Вскоре меня сделали снайпером, киллером в законе. Что меня потрясало: мои руки переставали дрожать, когда я брал винтовку! Это поразительно! С винтовкой в руках я снова обрел уверенность в себе. И ухватился за нее, как тонущий за соломинку. Замечу, что вообще-то я не заносчив и не страдаю манией величия, но во моих жилах течет теперь ледяная кровь. Тогда я сжег не одну ночь, оправдывая выбор своего жизненного пути. Но никакие оправдания, никакие уловки ума не смогли заглушить звона моего колокола. И хотя мстительность — черта слабого, я нашел в себе силы противостоять этому черному миру зла и насилия простым, почти незаметным способом — едва заметным движением пальца.

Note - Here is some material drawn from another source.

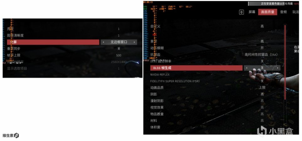 高画质,开启光追中等,DLSS质量自动,帧数是30-60帧数,平均48帧。DLSS开启超级性能有45-345帧,平均124帧。
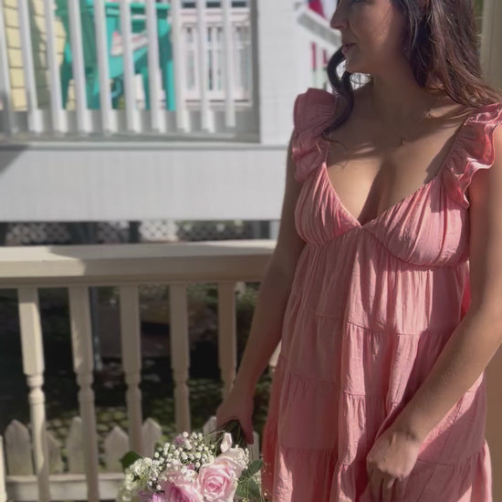 Introducing our charming Coral Ruffle Mini Dress, a must-have piece for your spring wardrobe. Crafted from lightweight fabric, this dress offers a breezy and feminine silhouette, perfect for sunny days. The vibrant coral hue adds a pop of color to your look, while the ruffle detailing adds a playful and romantic touch. With its mini length and adjustable straps, this dress is both flirty and versatile, ideal for day-to-night wear. Whether you're headed to a brunch with friends or a garden party, this dress is sure to turn heads. Pair it with sandals for a casual daytime look or dress it up with heels for a night out on the town. Embrace spring in style with this effortlessly chic mini dress.

Сначала я жил, оглядываясь каждую минуту, но вскоре победил в себе страх и стал сильнее самого сильного. Но всегда помнил: чтобы воцарить на земле торжество правды, справедливости и добра, мы, сильные, не должны быть сильнее самого слабого. Конечно же, я испытывал жесточайшие муки, но мои мучения только упрочили во мне веру в необходимость искоренения зла на земле. Закон и порядок — вот мой девиз. Повсеместная справедливость — вот мое кредо. И любовь, и — любовь… Без любви этот мир сдуется, сдохнет! Нет в мире силы, сильнее силы любви. Человечество давно истекло словами, нужно приниматься за дело. И если не ты, решил я, то кто же! С тех пор я смотрю на мир сквозь хрупкую, трепетно-нежную паутину оптического креста, сонно дремлющую на прищуре моего усталого глаза вот уже пятый или шестой год. Или седьмой?
Это месть?
Ага…
Жажду!
Жадный? Да нет… Просто нет больше мочи терпеть!

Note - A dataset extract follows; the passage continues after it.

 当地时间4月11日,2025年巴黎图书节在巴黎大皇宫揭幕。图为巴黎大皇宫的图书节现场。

Я беру обрывок листа чистой бумаги, пишу: «Не забыть заплатить коммунальные платежи!». Затем скотчем приклеиваю листик к наполовину опорожненной бутылке с вином.
Не забыть бы…
Успех пришел как приходит лето, и не стал, как когда-то хотелось, приятной неожиданностью. Да и что такое успех? Застрелить какого-то гада или пустить кровь какой-нибудь крысе? Я отказался от успеха, как отказываются, повзрослев, от плюшевых мишек и пластмассовых кукол. Не покладая рук, я занялся своей работой и взял себе за правило: если уж ты занят каким-нибудь делом, делай его хорошо. Да, блистательно! Лучше всех, раз ты хочешь быть лучшим. Не покладая ног, я пустился в дорогу за лучшим и, знаете, своего добился. Кто-то играет в карты, кто в рулетку, а я зарабатываю на жизнь выстрелами. Теперь я живу не спеша, без желания славы и жажды всевселенского блеска. Бывают минуты, когда я вынужден за что-нибудь зацепиться, чтобы меня не сорвало с петель, не слизало коровьим языком с лица планеты, и часто случается так, что приходится цепляться лишь за курок собственной винтовки. Я всегда среди людей, но как волк одинок, и ищу утешения в грусти. Да, я праздную свое одиночество, как другие празднуют Новый год или день своего рождения, только без всякой помпезы, тихо, свято, смиренно, не на показ, а в самом себе. Я укоренил в себе одиночество и поселил в себе радость жить в стране без границ, без людей, без злости и зависти, без потерь… Я танцую свое одиночество и пою его, пью его как живительную влагу в знойной пустыне… Я его раб, который свободнее самого свободного из живущих на этой земле. Но я не только вполне самодостаточен, я и респектабелен, да-да. И вполне! Со мной носятся…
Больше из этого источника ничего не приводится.